• _WHAT YOU HAVE TO DO_
Write out each line of the material exactly as given, and drop the images.
═══ DATASET EXTRACT ═══
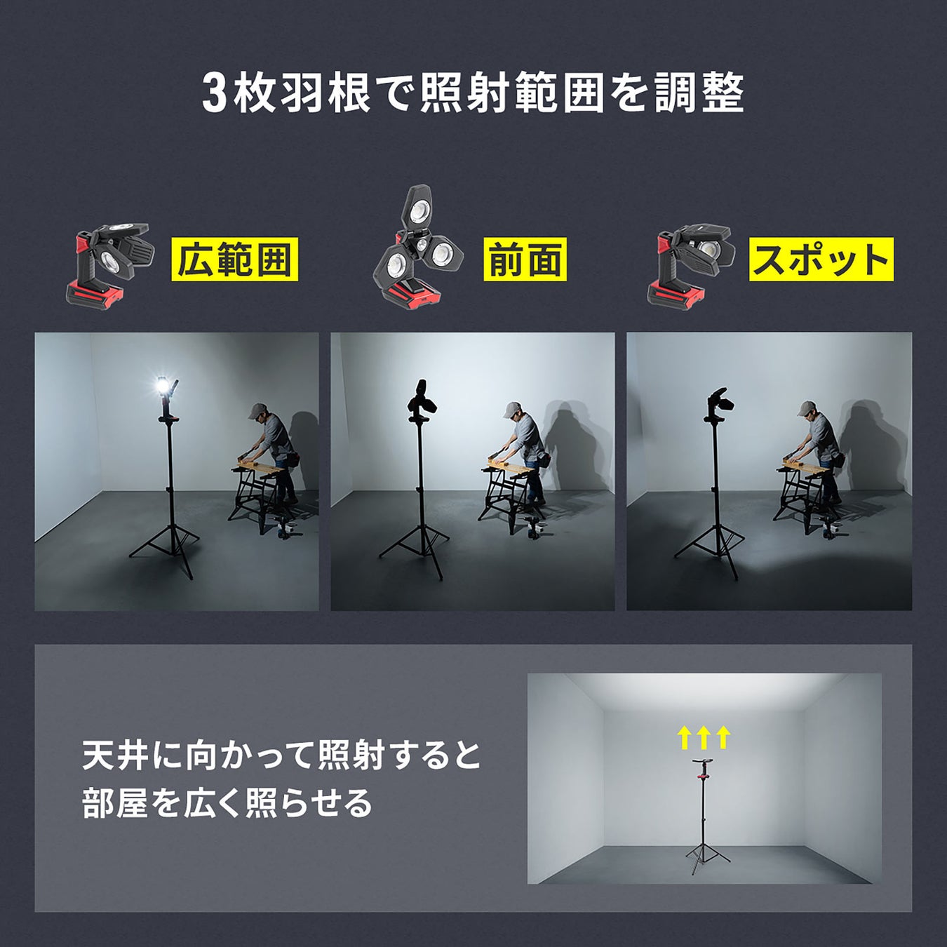 付属の三脚で高所からの照射も可能。地面にそのまま置いたり、フックで吊り下げたり、設置スタイルは自由自在。現場やシーンに応じて最適な照明ポジションを選べます。
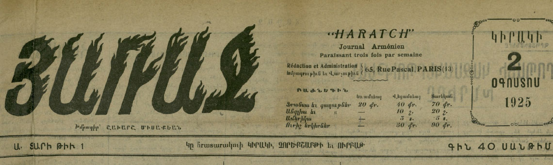 The Association for the Research and the Archiving of Armenian Memory (ARAM) collects, archives and digitizes books, maps, manuscripts, testimonies, photographs and all documents relating to Armenia, Armenians of Anatolia before, during and after the ottoman massacres of 1894-96 and 1909, the genocide of 1915 perpetrated by the “Young Turks” government, and to the history and culture of the armenian diaspora, particularly in France and Europe.
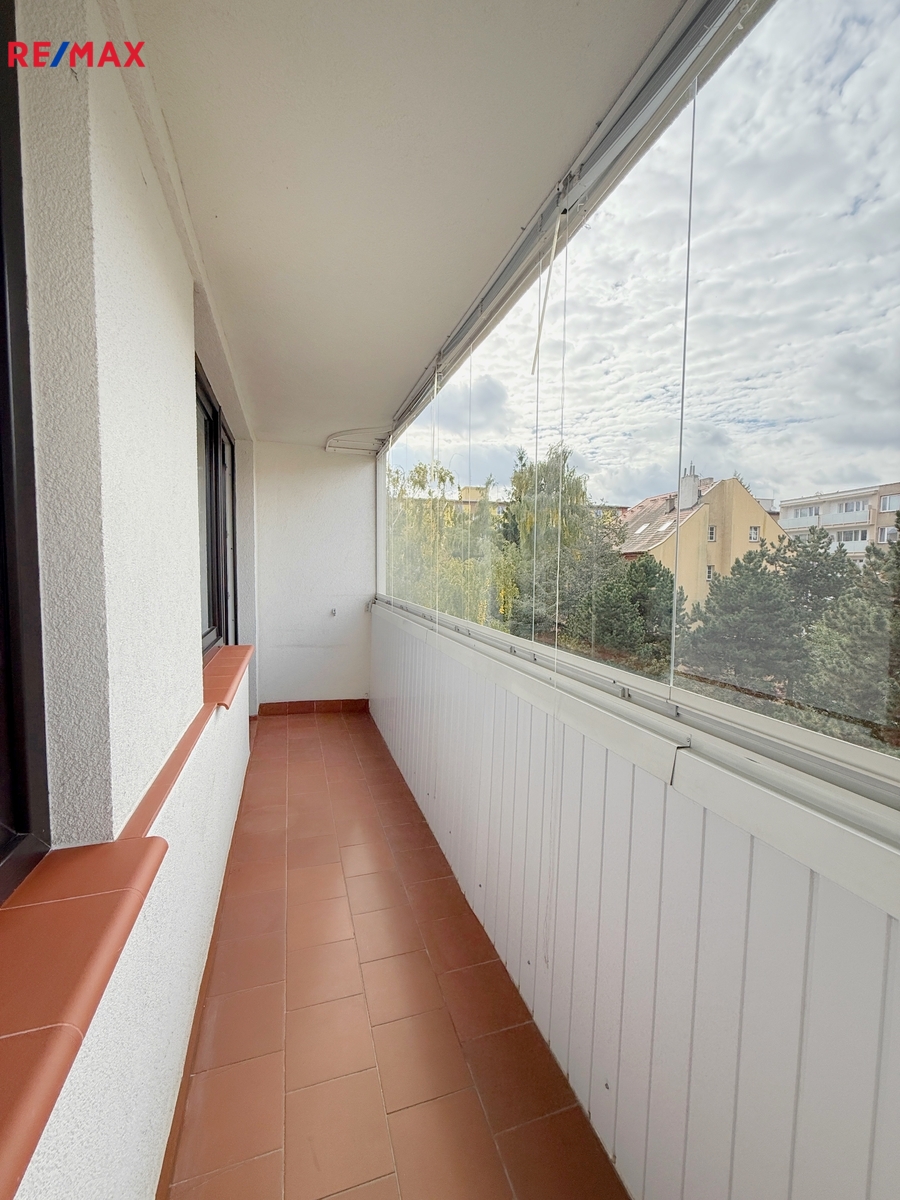 Z ložnice je vstup na zasklenou lodžii, ideální pro odpočinek nebo ranní kávu. K bytu patří také sklep, k dispozici také kočárkárna.
═══
• _TASK RESULT_
 付属の三脚で高所からの照射も可能。地面にそのまま置いたり、フックで吊り下げたり、設置スタイルは自由自在。現場やシーンに応じて最適な照明ポジションを選べます。
 The Association for the Research and the Archiving of Armenian Memory (ARAM) collects, archives and digitizes books, maps, manuscripts, testimonies, photographs and all documents relating to Armenia, Armenians of Anatolia before, during and after the ottoman massacres of 1894-96 and 1909, the genocide of 1915 perpetrated by the “Young Turks” government, and to the history and culture of the armenian diaspora, particularly in France and Europe.
 Z ložnice je vstup na zasklenou lodžii, ideální pro odpočinek nebo ranní kávu. K bytu patří také sklep, k dispozici také kočárkárna.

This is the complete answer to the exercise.